:: PROVIDED MATERIAL
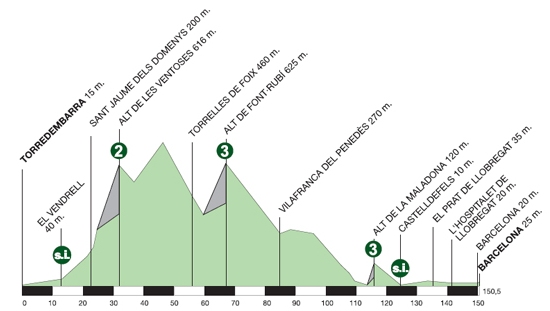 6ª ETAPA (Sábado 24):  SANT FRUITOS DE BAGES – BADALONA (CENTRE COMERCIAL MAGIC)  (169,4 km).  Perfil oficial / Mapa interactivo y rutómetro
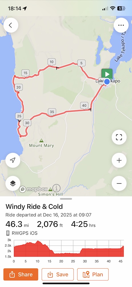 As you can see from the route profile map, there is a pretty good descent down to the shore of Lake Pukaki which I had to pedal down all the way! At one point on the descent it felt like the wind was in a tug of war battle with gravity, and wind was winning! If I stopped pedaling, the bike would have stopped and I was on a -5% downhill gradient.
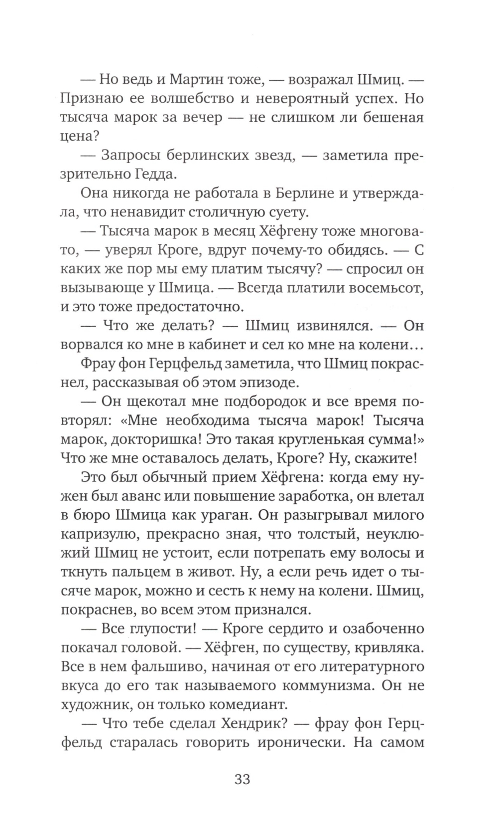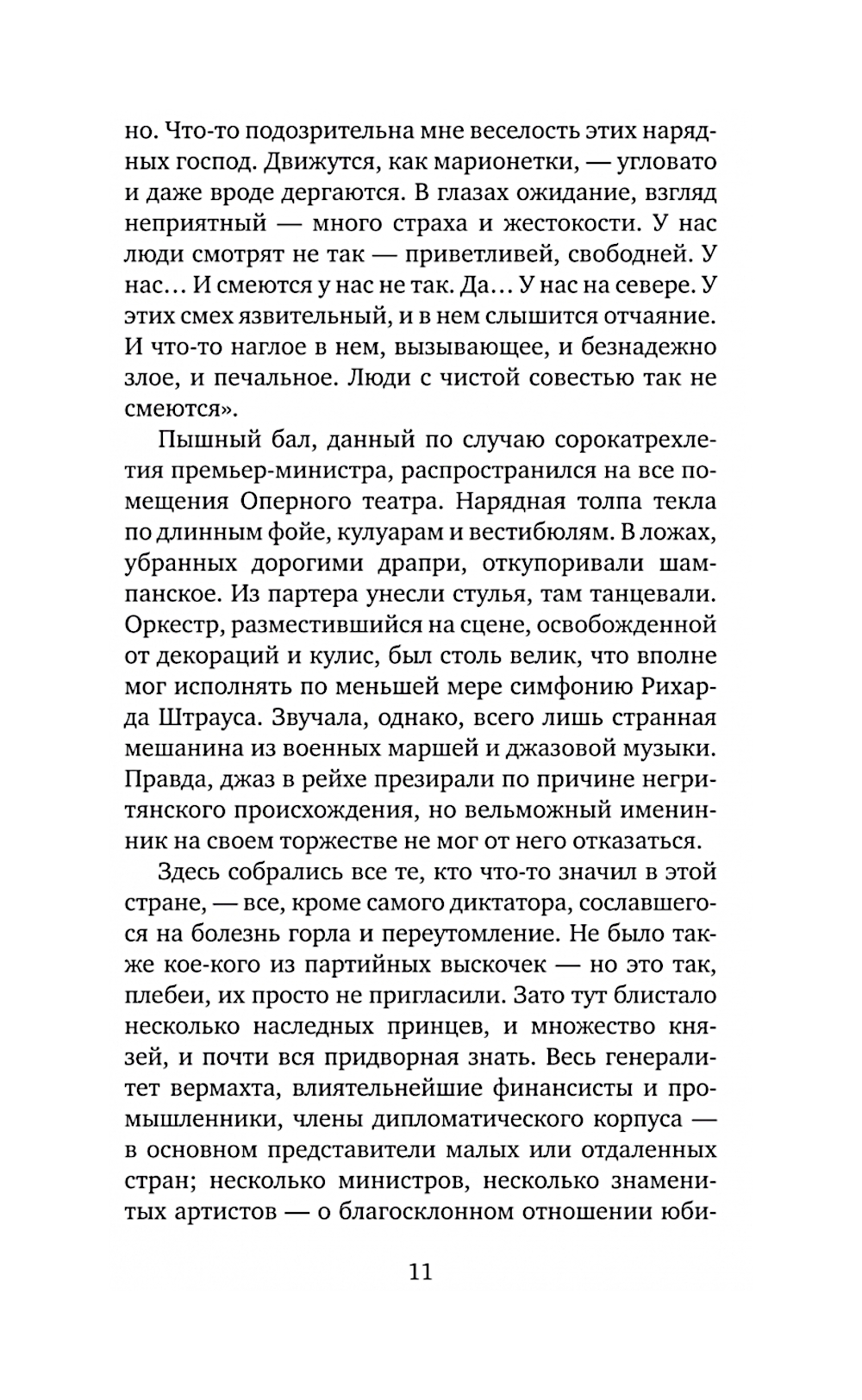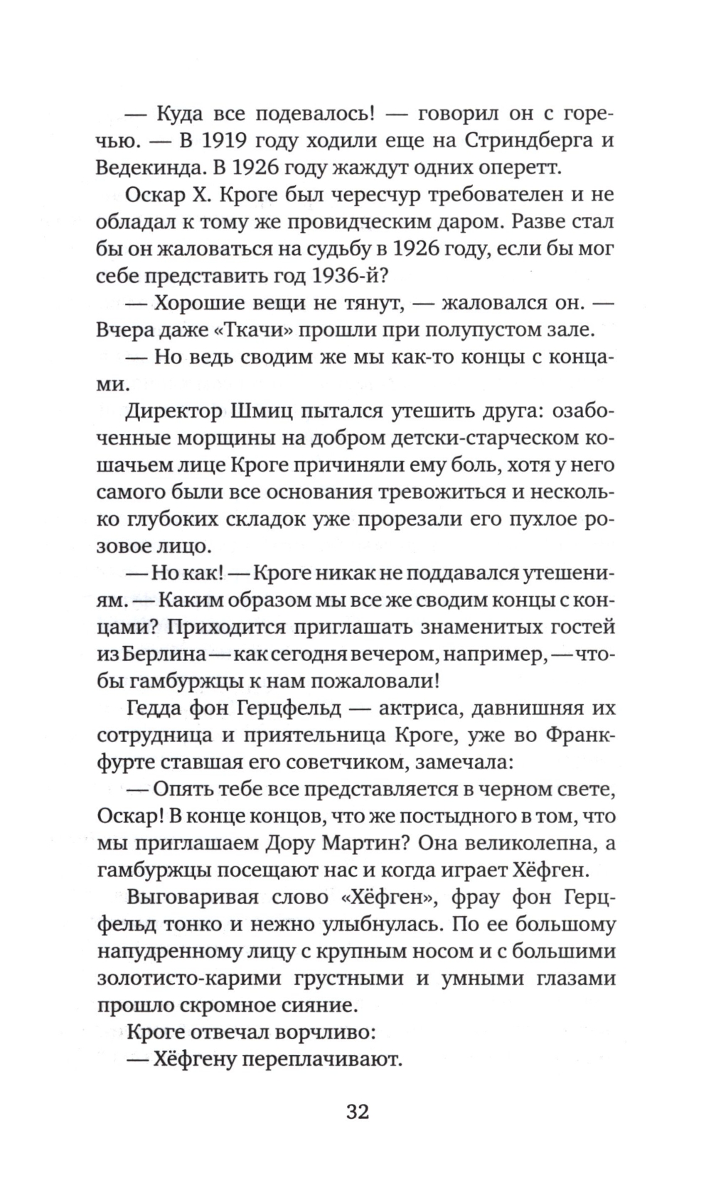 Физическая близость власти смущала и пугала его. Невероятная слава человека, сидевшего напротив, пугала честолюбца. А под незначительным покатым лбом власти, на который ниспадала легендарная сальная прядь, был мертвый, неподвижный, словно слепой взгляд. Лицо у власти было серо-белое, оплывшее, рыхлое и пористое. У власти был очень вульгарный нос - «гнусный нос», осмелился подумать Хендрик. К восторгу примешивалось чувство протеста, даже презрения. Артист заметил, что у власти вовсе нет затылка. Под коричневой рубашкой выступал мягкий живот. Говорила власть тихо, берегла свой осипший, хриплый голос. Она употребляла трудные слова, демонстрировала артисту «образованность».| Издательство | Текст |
::::
● **EXERCISE BRIEF**:
Transcribe all data precisely. Pictures are not copied.

● **EXERCISE ANSWER**:
 6ª ETAPA (Sábado 24):  SANT FRUITOS DE BAGES – BADALONA (CENTRE COMERCIAL MAGIC)  (169,4 km).  Perfil oficial / Mapa interactivo y rutómetro
 As you can see from the route profile map, there is a pretty good descent down to the shore of Lake Pukaki which I had to pedal down all the way! At one point on the descent it felt like the wind was in a tug of war battle with gravity, and wind was winning! If I stopped pedaling, the bike would have stopped and I was on a -5% downhill gradient.
 Физическая близость власти смущала и пугала его. Невероятная слава человека, сидевшего напротив, пугала честолюбца. А под незначительным покатым лбом власти, на который ниспадала легендарная сальная прядь, был мертвый, неподвижный, словно слепой взгляд. Лицо у власти было серо-белое, оплывшее, рыхлое и пористое. У власти был очень вульгарный нос - «гнусный нос», осмелился подумать Хендрик. К восторгу примешивалось чувство протеста, даже презрения. Артист заметил, что у власти вовсе нет затылка. Под коричневой рубашкой выступал мягкий живот. Говорила власть тихо, берегла свой осипший, хриплый голос. Она употребляла трудные слова, демонстрировала артисту «образованность».| Издательство | Текст |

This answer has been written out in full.